8.8.3.  Processing on Pure Firewalls

   If the middlebox is acting as a pure firewall, then it tries to
   configure the requested disable rule, i.e., configuring a blocking
   rule at the firewall.  The disable rule is configured such that
   communication between the specified internal and external address
   tuples is blocked with covering the specified wildcarding.  If the
   configuration  fails, for example because the blocking rule would
   conflict with high-level firewall policies, then the middlebox
   returns a negative reply message of type 'middlebox configuration


Stiemerling, Quittek, Cadar                                    [Page 58]

Internet Draft         SIMCO Protocol Version 3.0          December 2005


   failed' (0x034A).

   If the configuration was successful, the middlebox establishes a new
   policy disable rule and assigns to it a policy rule identifier in
   state ENABLED.  It generates a positive PDR reply and sets the
   attributes as specified below.

   The identifier chosen for the new policy rule is reported in the
   policy rule identifier attribute of the PDR reply.
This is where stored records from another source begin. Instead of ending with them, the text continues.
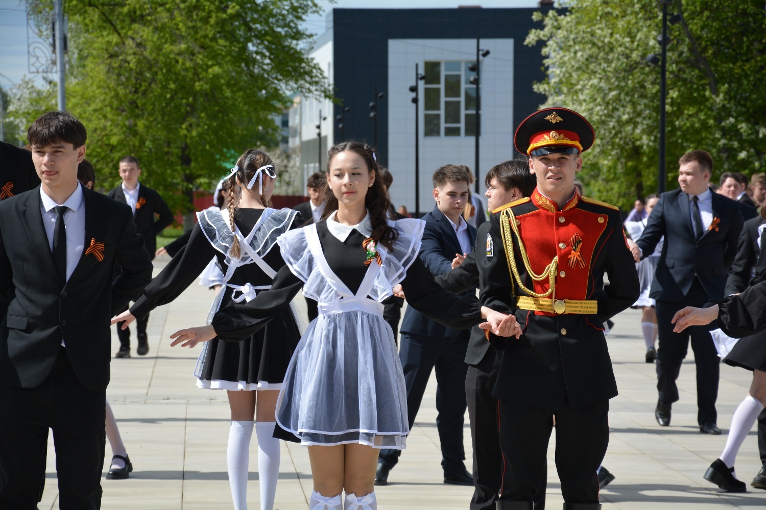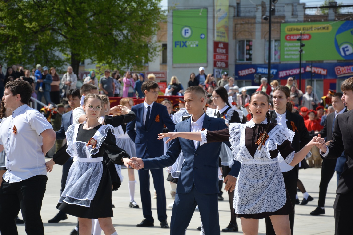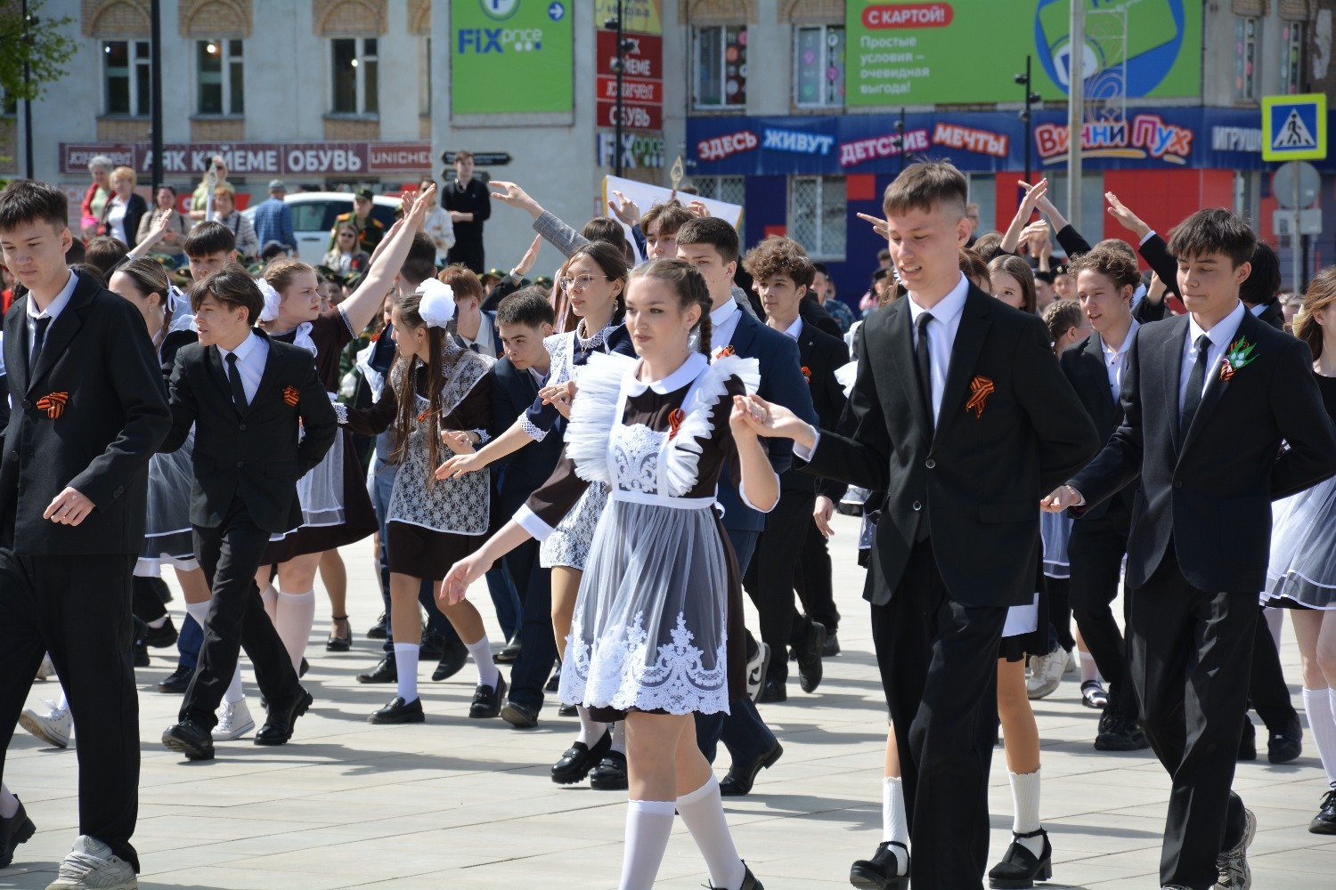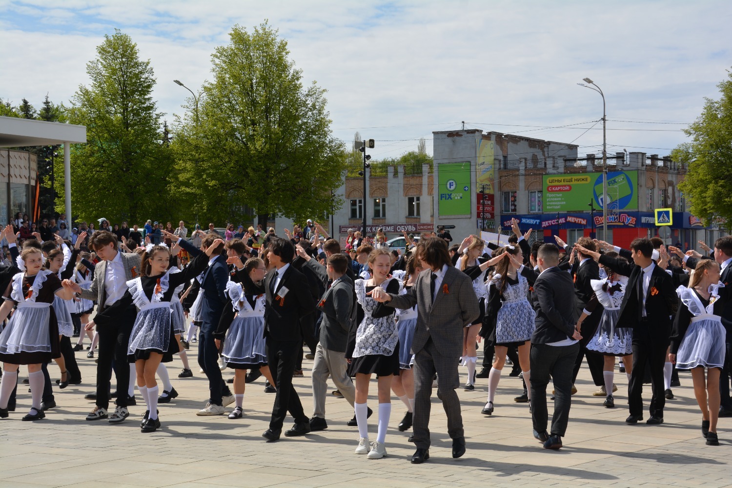 Сегодня на площади им. Ленина 11-классники городских школ приняли участие в танцевальной постановке «Вальс Победы».
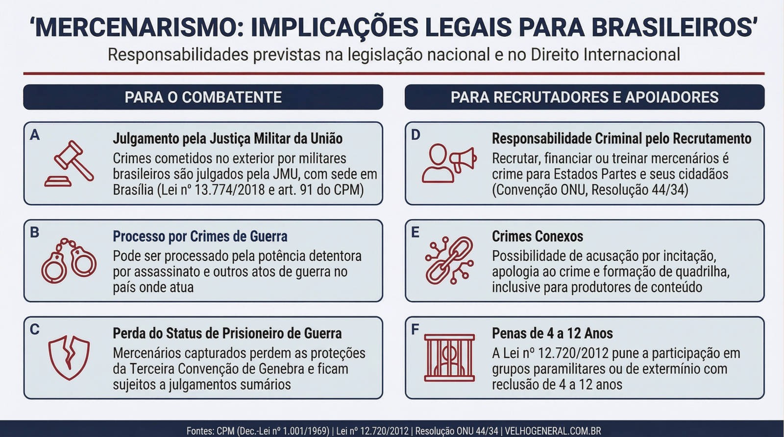 Implicações legais para cidadãos brasileiros envolvidos com mercenarismo, abrangendo combatentes, recrutadores e apoiadores, com base na legislação nacional e em convenções internacionais.
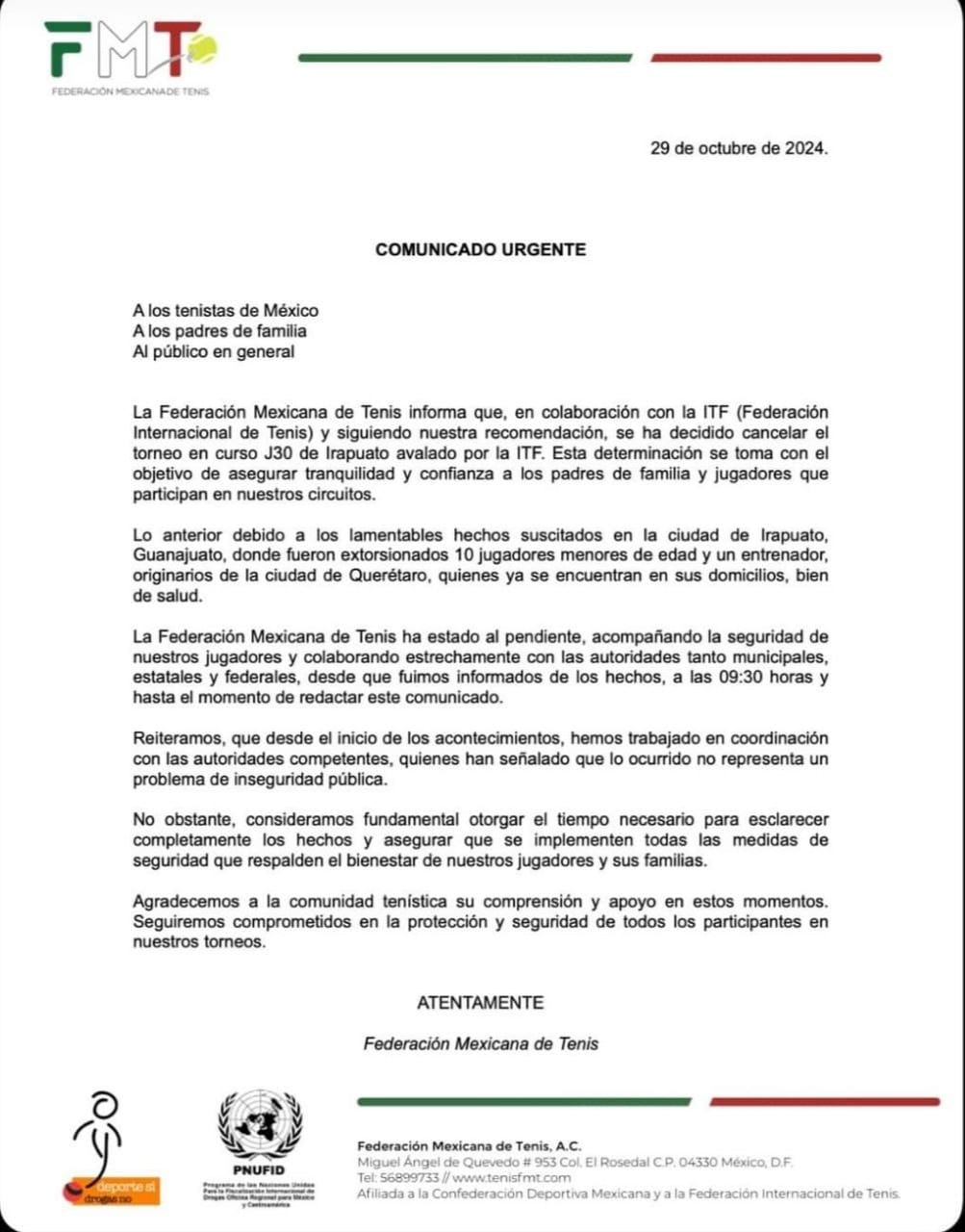 Federación Mexicana de Tenis cancela torneo Irapuato
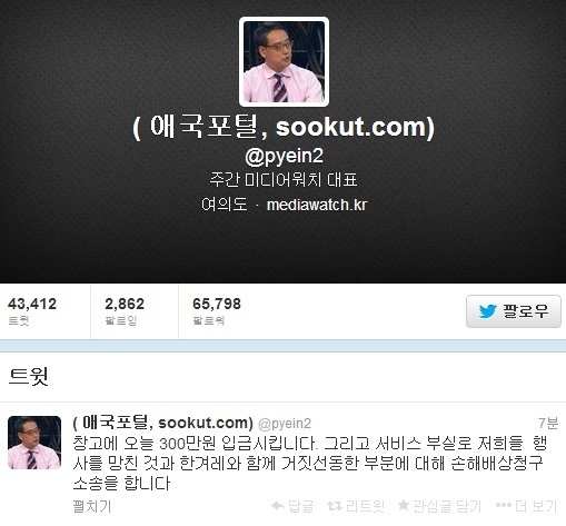 이어 "방송에서 온갖 거짓말과 조작하는 손석희에게는 솜방망이 처분을 내리고, 정확하고 직설적 비판에는 중징계를 내리는 방통심의위가 바뀌지 않으면 우파 논객 설 자리가 없다. 종편도 주춤한다"고 썼다.
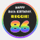 86th Birthday: Colourful Rainbow # 86, Custom Name Classic Round Sticker

   The chosen lifetime is reported in the lifetime attribute of the PDR
   reply.


8.8.4.  Processing on Network Address Translators

   If the middlebox is configured as a NAT, then it tries to block the
   specified address tuple in the NAT.  The mechanisms used for this
   depend on the implementation and capabilities of the NAT.

   Should in either NAT case the configuration fail, a negative reply
   'middlebox configuration failed' (0x034A) is returned.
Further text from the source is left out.